Friday 4 July 2014

Plagiarism vs. Copyright Infringement.

Defining Copyright Infringement

Copyright infringement is simply any infringement up on the rights of a copyright holder.Copyright law gives a copyright holder (usually the creator of the work )a set of work that they, and they alone can exploit it(save for exceptions such as fair use). Those rights include:
·                                 The right to reproduce (copy) a work.
·                                 The right to create derivative works based upon it.
·                                 The right to distribute copies of the work to the public.
·                                 The right to publicly display or perform the work.
This means a wide variety of activities can be copyright infringing including performing a copyrighted play without permission, writing an unauthorized sequel to a work or simply making copies of the work.
In short, copyright infringement is a very broad term, rooted in the law, that covers a wide range of unlawful activities that violate the rights (granted by the law) to copyright holders. 

Defining Plagiarism

But where copyright infringement is a construct of the law, plagiarism is a construct of ethics.
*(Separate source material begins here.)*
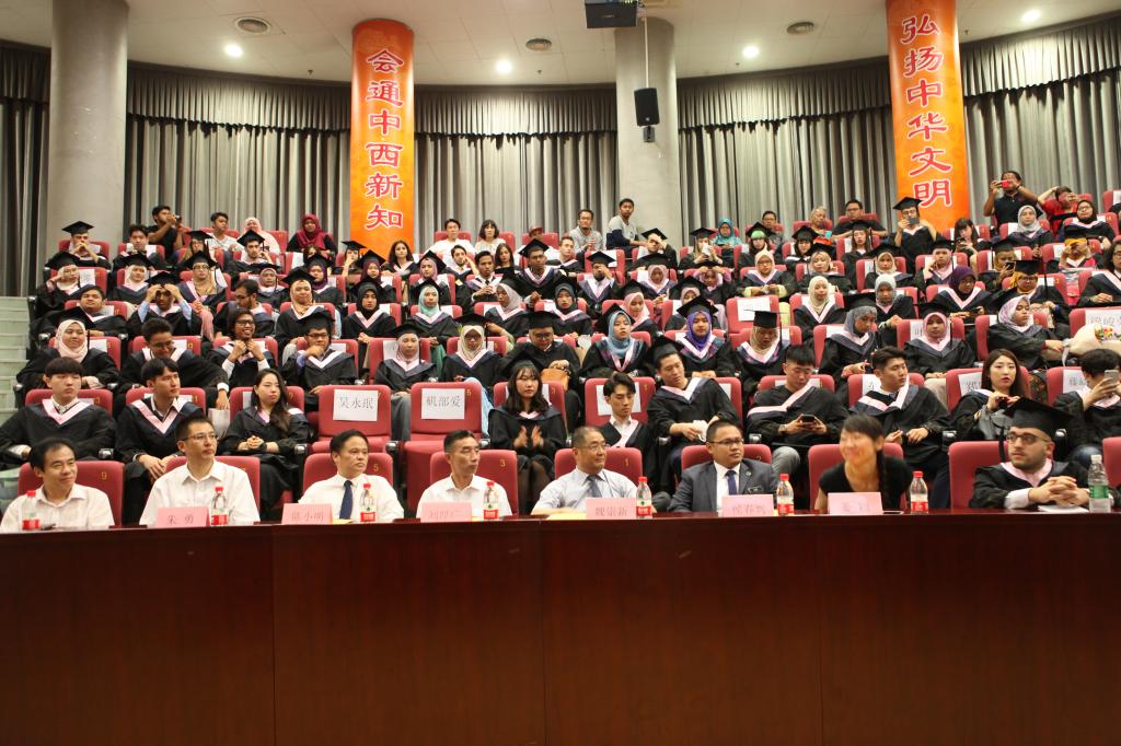 毕业典礼先由驻华使馆教育参赞侯春兴先生致辞,随后由陈小明副院长为毕业生送上临别祝福。四年的师恩难忘,四年的友情难舍,最后,全场毕业生一起合唱“朋友”,为毕业典礼画上了完美的句号。

Most broadly. Plagiarism is defined as the taking of the original works of the author and presenting as it is of your own. It is similar to the concept of passing of in trademarks.
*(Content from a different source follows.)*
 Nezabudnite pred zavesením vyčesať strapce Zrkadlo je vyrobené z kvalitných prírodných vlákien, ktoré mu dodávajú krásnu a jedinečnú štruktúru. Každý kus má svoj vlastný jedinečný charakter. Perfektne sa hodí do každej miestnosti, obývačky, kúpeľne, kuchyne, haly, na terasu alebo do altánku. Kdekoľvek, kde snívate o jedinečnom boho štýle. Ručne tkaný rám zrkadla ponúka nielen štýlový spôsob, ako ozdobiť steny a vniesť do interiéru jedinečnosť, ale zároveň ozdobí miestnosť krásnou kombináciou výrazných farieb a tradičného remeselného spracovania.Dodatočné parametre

The definition of “work” can include a variety of things including ideas, words, images, etc. Anything that is seen as an unethical and unattributed use of another’s original creation can be defined as plagiarism.
However, the definition of plagiarism is not always consistent. Different industries, for example, have different standards. A lawyer, for example, is held to different standards than a poet, which is different than a speechwriter and different from a musician.
Because of this, as with copyright infringement, many cases of plagiarism are divisive as to whether or not a violation was committed.

The Similarities

On the surface, plagiarism and copyright both have a great deal in common. Most things that can be plagiarized could be copyrighted. After all, most plagiarism deals with either creative or academic work and those types of works, typically, qualify for copyright protection when they are new.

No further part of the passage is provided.